Frédéric Grolleau, Monnaie de verre

Le trans­pa­rent et l’opaque

Venise – plus exac­te­ment Murano – , à la fin du XVIIe siècle ; voilà pour le décor et l’époque. L’intrigue, main­te­nant : une jeune fille – belle et intré­pide, comme il sied à une héroïne – dérobe par ven­geance à son maître-verrier de père les pré­cieuses for­mules dont dépend la qua­lité de ses pro­duc­tions. Il faut dire que l’auguste patriarche avait ordonné à ses trois fils d’assassiner l’amant de sa fille. Riva­lité entre familles oblige.
Tan­dis qu’on est emporté par les déve­lop­pe­ments de cette tra­gé­die mâti­née d’espionnage, on apprend, à l’occasion, à par­tir de quoi se fabrique le verre, ce qui condi­tionne sa finesse, sa trans­pa­rence, ses couleurs…

Mais qui limi­te­rait sa lec­ture à celle d’un thril­ler his­to­rique asso­ciant avec brio sus­pense et éru­di­tion com­met­trait une erreur et se pri­ve­rait de l’aspect peut-être le plus sédui­sant du roman. Mon­naie de verre (Prix Saint-Gobain tra­di­tions ver­rières) est en effet émi­nem­ment ludique ; moins par les mul­tiples rebon­dis­se­ments et péri­pé­ties que par les réfé­rences dont le texte regorge. Réfé­rences qui d’ailleurs vont du simple clin d’œil – tel le titre du pre­mier cha­pitre, «Arse­nic et belles den­telles» – aux mises en abîme plus sub­tiles ; ainsi les jeux de trans­pa­rences et d’opacités dont le verre se fait le creu­set se transposent-ils aisé­ment dans le texte, où les nom­breuses épi­graphes, les locu­tions non tra­duites en fin de cha­pitre et les notes font assaut d’ambivalence en offrant des clefs tout en obs­truant la lisi­bi­lité.
Il y a sur­tout le style, léché à l’extrême, pré­cis, nourri de tour­nures com­plexes et de mots rares, longs en bouche, goû­teux à sou­hait ; un style qui ménage, par petites touches iro­niques, une dis­tance rédhi­bi­toire entre le nar­ra­teur et le texte et, par­tant, entre celui-ci et le lec­teur ; un style aussi qui manie les méta­phores brillantes et auda­cieuses, telle celle appli­quée au viol – trois mots dont la puis­sance est accrue par l’ellipse ver­bale : «Un auto­dafé anatomique.»

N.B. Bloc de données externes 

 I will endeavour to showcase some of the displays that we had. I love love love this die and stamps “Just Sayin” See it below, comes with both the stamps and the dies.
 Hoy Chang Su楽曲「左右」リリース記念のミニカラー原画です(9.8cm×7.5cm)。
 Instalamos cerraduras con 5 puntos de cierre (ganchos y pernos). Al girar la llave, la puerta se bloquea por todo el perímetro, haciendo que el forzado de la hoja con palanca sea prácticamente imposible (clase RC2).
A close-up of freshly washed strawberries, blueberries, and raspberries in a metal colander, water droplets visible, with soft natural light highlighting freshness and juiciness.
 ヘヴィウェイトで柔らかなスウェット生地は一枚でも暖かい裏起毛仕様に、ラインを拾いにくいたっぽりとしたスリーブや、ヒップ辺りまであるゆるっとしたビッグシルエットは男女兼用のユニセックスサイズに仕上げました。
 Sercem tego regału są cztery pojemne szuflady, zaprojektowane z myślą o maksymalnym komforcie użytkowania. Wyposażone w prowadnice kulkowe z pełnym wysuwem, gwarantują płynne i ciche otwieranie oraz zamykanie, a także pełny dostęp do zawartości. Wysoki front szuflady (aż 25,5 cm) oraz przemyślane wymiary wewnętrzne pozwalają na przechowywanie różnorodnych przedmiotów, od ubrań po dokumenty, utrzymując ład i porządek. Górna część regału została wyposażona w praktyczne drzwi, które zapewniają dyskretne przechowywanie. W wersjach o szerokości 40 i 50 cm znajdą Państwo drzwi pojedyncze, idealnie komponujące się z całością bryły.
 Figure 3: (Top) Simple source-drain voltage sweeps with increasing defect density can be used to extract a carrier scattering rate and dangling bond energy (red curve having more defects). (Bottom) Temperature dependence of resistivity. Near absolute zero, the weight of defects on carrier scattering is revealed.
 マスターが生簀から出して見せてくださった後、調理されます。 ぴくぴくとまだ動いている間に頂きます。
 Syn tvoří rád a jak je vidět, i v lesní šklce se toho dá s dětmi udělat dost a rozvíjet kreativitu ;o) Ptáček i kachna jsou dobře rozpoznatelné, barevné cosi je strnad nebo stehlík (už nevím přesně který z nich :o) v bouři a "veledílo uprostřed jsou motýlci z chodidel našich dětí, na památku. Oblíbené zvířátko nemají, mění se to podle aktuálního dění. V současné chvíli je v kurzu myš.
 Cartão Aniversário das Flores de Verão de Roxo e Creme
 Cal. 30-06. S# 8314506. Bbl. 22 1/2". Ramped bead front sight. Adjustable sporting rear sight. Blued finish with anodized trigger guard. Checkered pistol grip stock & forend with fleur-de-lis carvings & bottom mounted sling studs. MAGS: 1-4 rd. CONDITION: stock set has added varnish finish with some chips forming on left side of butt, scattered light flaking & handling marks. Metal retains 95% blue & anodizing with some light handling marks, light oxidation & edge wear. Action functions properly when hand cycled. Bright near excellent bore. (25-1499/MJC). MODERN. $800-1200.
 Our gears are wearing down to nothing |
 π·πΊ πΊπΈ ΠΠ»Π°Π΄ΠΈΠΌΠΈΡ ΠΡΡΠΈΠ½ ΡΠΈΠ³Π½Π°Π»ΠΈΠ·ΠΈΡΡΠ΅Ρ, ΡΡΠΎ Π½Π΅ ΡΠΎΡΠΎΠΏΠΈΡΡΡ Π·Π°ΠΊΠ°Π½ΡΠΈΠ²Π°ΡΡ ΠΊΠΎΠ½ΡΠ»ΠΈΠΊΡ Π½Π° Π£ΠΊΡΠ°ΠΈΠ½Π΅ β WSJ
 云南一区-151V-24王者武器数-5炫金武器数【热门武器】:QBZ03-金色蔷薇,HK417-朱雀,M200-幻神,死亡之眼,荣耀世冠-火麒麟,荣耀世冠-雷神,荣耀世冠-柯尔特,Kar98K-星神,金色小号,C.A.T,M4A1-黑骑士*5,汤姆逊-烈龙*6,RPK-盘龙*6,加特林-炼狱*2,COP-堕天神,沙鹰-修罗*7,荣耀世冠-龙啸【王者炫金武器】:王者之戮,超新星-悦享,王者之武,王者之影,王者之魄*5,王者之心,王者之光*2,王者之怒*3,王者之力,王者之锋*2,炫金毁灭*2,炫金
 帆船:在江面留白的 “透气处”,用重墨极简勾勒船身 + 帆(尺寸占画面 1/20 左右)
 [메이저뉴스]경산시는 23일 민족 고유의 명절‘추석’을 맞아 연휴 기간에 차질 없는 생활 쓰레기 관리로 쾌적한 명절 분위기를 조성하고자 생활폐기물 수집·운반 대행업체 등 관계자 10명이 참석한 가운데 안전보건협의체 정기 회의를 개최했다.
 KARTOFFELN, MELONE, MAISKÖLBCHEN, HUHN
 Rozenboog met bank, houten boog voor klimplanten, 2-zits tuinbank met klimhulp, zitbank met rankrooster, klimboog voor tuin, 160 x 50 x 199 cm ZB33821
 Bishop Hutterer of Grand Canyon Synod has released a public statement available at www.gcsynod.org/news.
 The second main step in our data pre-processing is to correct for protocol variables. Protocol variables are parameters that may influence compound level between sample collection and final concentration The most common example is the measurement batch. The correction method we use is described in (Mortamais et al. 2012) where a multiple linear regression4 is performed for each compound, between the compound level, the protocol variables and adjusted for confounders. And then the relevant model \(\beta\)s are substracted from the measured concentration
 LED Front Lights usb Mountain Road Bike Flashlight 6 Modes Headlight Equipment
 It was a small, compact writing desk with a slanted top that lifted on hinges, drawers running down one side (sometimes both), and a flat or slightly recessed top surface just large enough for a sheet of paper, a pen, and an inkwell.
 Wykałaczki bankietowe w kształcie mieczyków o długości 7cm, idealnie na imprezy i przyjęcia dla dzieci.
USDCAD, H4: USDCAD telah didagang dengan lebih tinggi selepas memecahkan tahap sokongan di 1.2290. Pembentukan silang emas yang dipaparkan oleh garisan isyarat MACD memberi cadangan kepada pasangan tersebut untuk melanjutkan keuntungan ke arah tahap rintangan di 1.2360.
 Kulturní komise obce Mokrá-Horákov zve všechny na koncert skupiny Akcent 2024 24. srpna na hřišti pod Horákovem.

Enfin, il faut évo­quer le joyeux bras­sage de cli­chés lit­té­raires qui, mis au ser­vice de l’intrigue, n’en sont pas moins décons­truits par l’ironie du ton ou bien les astuces de construc­tion. Ainsi, pour satis­faire aux atten­dus du polar, l’action commence-t-elle dès la pre­mière phrase : «A plu­sieurs reprises, les trois assaillants plon­gèrent leur lame dans le corps du mal­heu­reux.» Mais cette fra­cas­sante entrée en matière se com­plexi­fie aus­si­tôt ; le moment de l’agonie est étiré aux dimen­sions d’un cha­pitre entier, dilaté à coups d’acrobaties chro­no­lo­giques insuf­flant ici et là toutes sortes d’informations qui ancrent le récit dans un contexte à la fois his­to­rique et nar­ra­tif.
Tout concourt donc à rendre impos­sible une pos­ture de lec­ture stable : l’on est entraîné de droite et de gauche, bous­culé à l’envi dans ses habi­tudes de lec­ture. Mais avec, à la clef, cet indi­cible plai­sir de se lais­ser prendre à un jeu dont on n’est pas tout à fait dupe – sans être cer­tain pour autant de quoi que ce soit…

Le plus bel hom­mage à Mon­naie de verre eût sans doute été un article au énième degré, maniant pour mieux les moquer tous les pon­cifs de la cri­tique lit­té­raire. Nous nous conten­te­rons de céder à l’un des atten­dus de celle-ci – sans recul aucun, et avec un enthou­siasme plei­ne­ment assumé – en invi­tant les lec­teurs à se plon­ger sans ter­gi­ver­ser dans ce livre tant sa lec­ture est jubi­la­toire, hau­te­ment jouis­sive et enrichissante.

isa­belle roche (Revue Res Publica — P.U.F)

Fré­dé­ric Grol­leau, Mon­naie de verre, éditions Nico­las Phi­lippe, 2002, 431 p. — 21,00 €.